Search code examples
cnetwork-programmingtcplinux-kernelkernel-module

skb checksum computing function probably causes system hang


After asking about the same problem on the Linux forum and some bug testing I have the following information that seems relevant to my problem:

I am building an application that diverts incoming packets a kernel network hook to a proxy in userspace, that reads the data from a tcp socket and then sends it to its original destination. When the packet enters I change the skb destination addresses to those of my proxy tcp server, and when it leaves I change the source addresses so that the communication will go through transparently.

I have encountered the following problem:

When large amounts of data enter, they reach the proxy with no problem.

However, when sending the data to its original destination, if I send a large enough amount of data the system hangs. Caveman debugging showed that the skb is only non linear when it leaves the proxy, and without calling skb_linearize the checksum is not computed successfully.

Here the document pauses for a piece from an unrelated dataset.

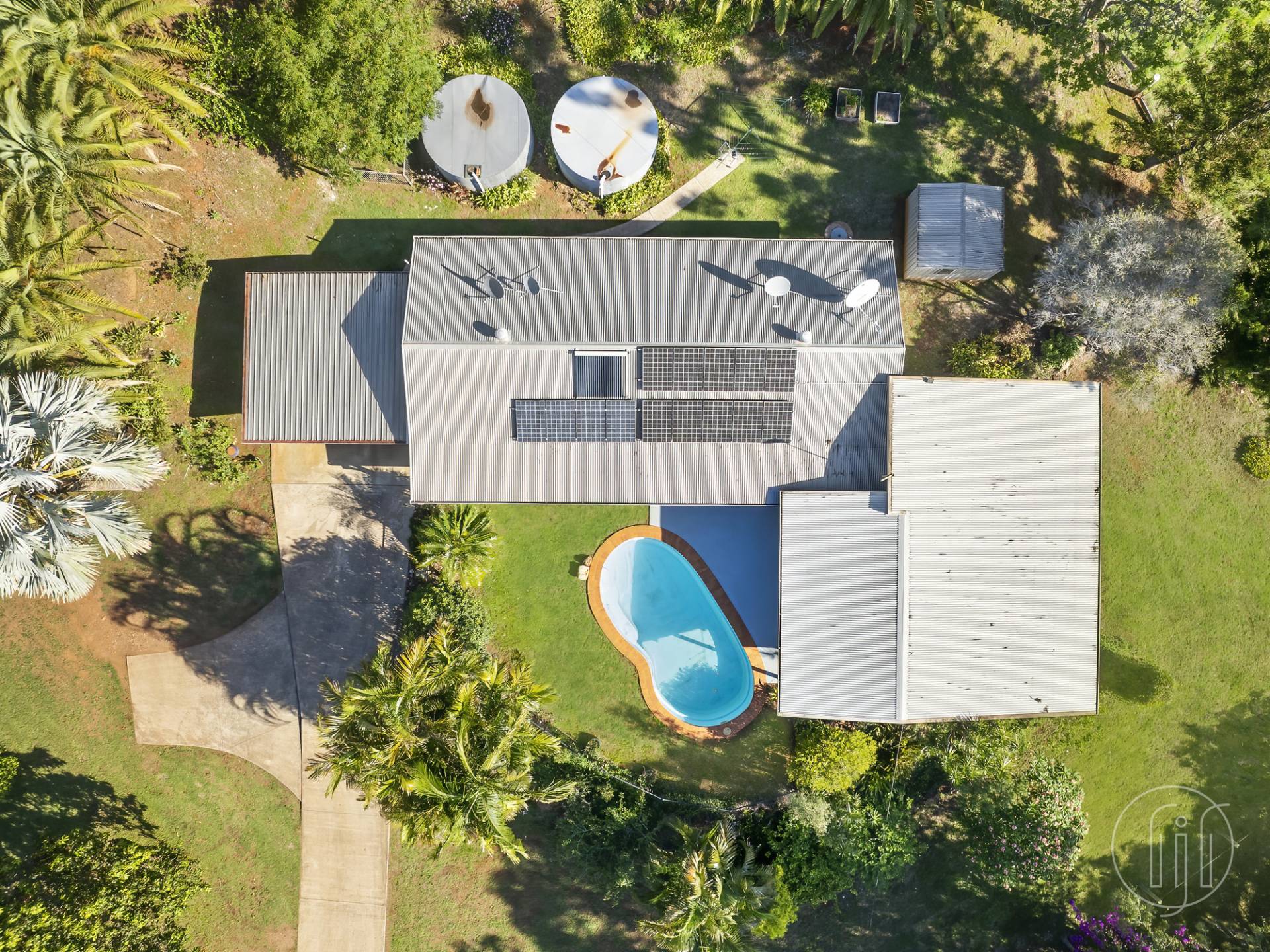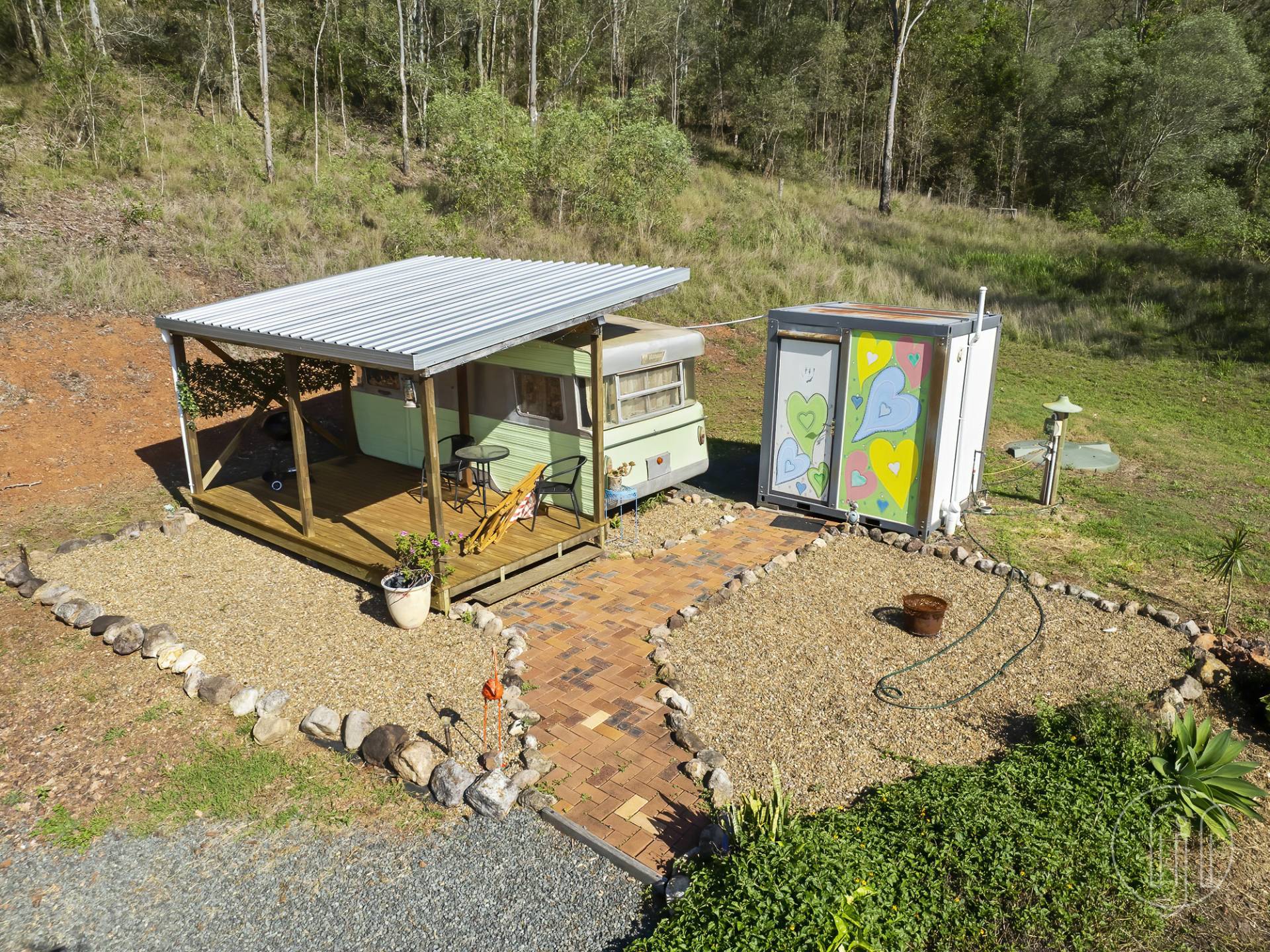 This property is set up with 4 additional accommodation options.  There are 2 bed-sit style cabins, 1 two-bedroom cabin, plus a caravan.  All set up with their own bathrooms, kitchenettes, covered entertaining areas and septic systems.  Ideal for extended family or visitors... or you decide!  These cabins are scattered throughout the lower section of the property with the main house located at the end of a long concrete drive up on the hill.

I do not allocate any data myself in the kernel when the data exits and don't seem to have memory errors in my own code, so I have concluded that with high probability the problem is with my usage skb_linearize function, or how I compute the checksum in general:

void fixChecksum(struct sk_buff *skb)
{
    if(skb_is_nonlinear(skb))
    {
        skb_linearize(skb);
    }
    struct iphdr *ip_header = ip_hdr(skb);
    struct tcphdr *tcp_header = (struct tcphdr*)(skb_network_header(skb) + ip_hdrlen(skb));
    int tcplen = (skb->len - ((ip_header->ihl )<< 2));
    tcp_header->check=0;
    tcp_header->check = tcp_v4_check(tcplen, ip_header->saddr, ip_header->daddr,csum_partial((char*)tcp_header, tcplen,0));
    skb->ip_summed = CHECKSUM_NONE; //stop offloading
    ip_header->check = 0;
    ip_header->check = ip_fast_csum((u8 *)ip_header, ip_header->ihl);
}

My suspicion is that the data I transfer somehow stays in the kernel and after a large enough amount the kernel runs out and the system hangs. However I don't see what may be wrong here. I also tried changing skb_linearize to skb_linearize_cow which did not help.

Is it possible that the skbs I process on the LOCAL_OUT hook don't get freed after I process them?

My kernel version is 3.2


Solution

  • So after a bit more debugging and checking kernel memory usage while my program runs it turned out that it didn't grow with each packet. It stopped locking up after I removed spinlocks in one of my functions that I added because I wanted to keep my module functions thread safe between system calls. Apparently I didn't know what I was doing and the heavy load probably caused a deadlock or something, which is strange because I only have one lock. Thanks if anyone tried to help and sorry for wasting your time.